AGM collar positions are structurally neutral (protective); the modeled P&L assumes European-style exercise at expiration and ignores early assignment, transaction costs, dividends paid before expiry on the stock leg (when present), and the bid-ask spread on the listed chain. AGM positions also carry Financial Services sector concentration risk; news flow inside the sector (peer earnings, regulatory shifts, supply-chain headlines) can move AGM alongside the broader basket even when AGM-specific fundamentals are unchanged. Always rebuild the position from current AGM chain quotes before placing a trade.
Frequently asked questions
- What is a collar on AGM?
- A collar on AGM is the collar strategy applied to AGM (stock). The strategy is structurally neutral (protective): A collar pairs long stock with a protective out-of-the-money put financed by a short out-of-the-money call, capping both tails of the position around the current spot. With AGM stock trading near $172.16, the strikes shown on this page are snapped to the nearest listed AGM chain strike and the premiums come straight from the end-of-day bid/ask midpoint.
- How are AGM collar max profit and max loss calculated?
- Max profit roughly equals short-call strike minus cost basis plus net premium; max loss roughly equals cost basis minus long-put strike minus net premium. Breakeven shifts by the net premium. For the AGM collar priced from the end-of-day chain at a 30-day expiry (ATM IV 32.10%), the computed maximum profit is $706.50 per contract and the computed maximum loss is -$793.50 per contract. Live intraday quotes will differ as the chain moves through the trading session.
- What is the breakeven for a AGM collar?

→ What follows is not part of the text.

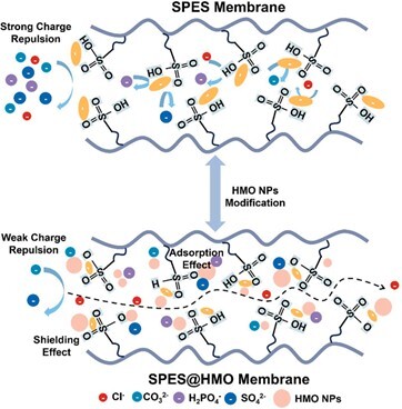 針對(duì)上述挑戰(zhàn),中國(guó)科學(xué)院青海鹽湖研究所離子吸附科學(xué)與技術(shù)課題組提出了一種氯離子膜“電荷屏蔽效應(yīng)”設(shè)計(jì)策略,開(kāi)發(fā)了一種由磺化聚醚砜(SPES)與水合錳氧化物(HMO)顆粒復(fù)合的新型混合基質(zhì)膜-氯離子吸附膜(SPES@HMO)。該膜利用HMO納米顆粒調(diào)控膜界面電荷環(huán)境,從而特異性增強(qiáng)氯離子的傳輸,同時(shí)結(jié)合競(jìng)爭(zhēng)吸附機(jī)制抑制多價(jià)陰離子的通過(guò),為高鹽廢水中氯離子的高精度篩分提供了全新解決方案。

- The breakeven for the AGM collar priced on this page is roughly $172.94 at expiration, derived from end-of-day chain premiums. Breakeven is the underlying price at which the strategy's P&L crosses zero ignoring transaction costs and assignment risk. The current AGM market-implied 1-standard-deviation expected move is approximately 9.20%; if the move sits well outside the breakeven distance, the structure's risk-reward becomes correspondingly tighter.
- When should you consider a collar on AGM?
- Collars on AGM hedge an existing long AGM stock position; the long put sets a floor while the short call finances it, often run as a near-zero-cost hedge during expected volatility windows.
- How does current AGM implied volatility affect this collar?
- AGM ATM IV is at 32.10% with IV rank near 6.29%, which is on the low end of its 1-year range. Premium-buying structures (long call, long put, debit spreads) are relatively cheap in this regime; premium-selling structures collect less credit per unit risk.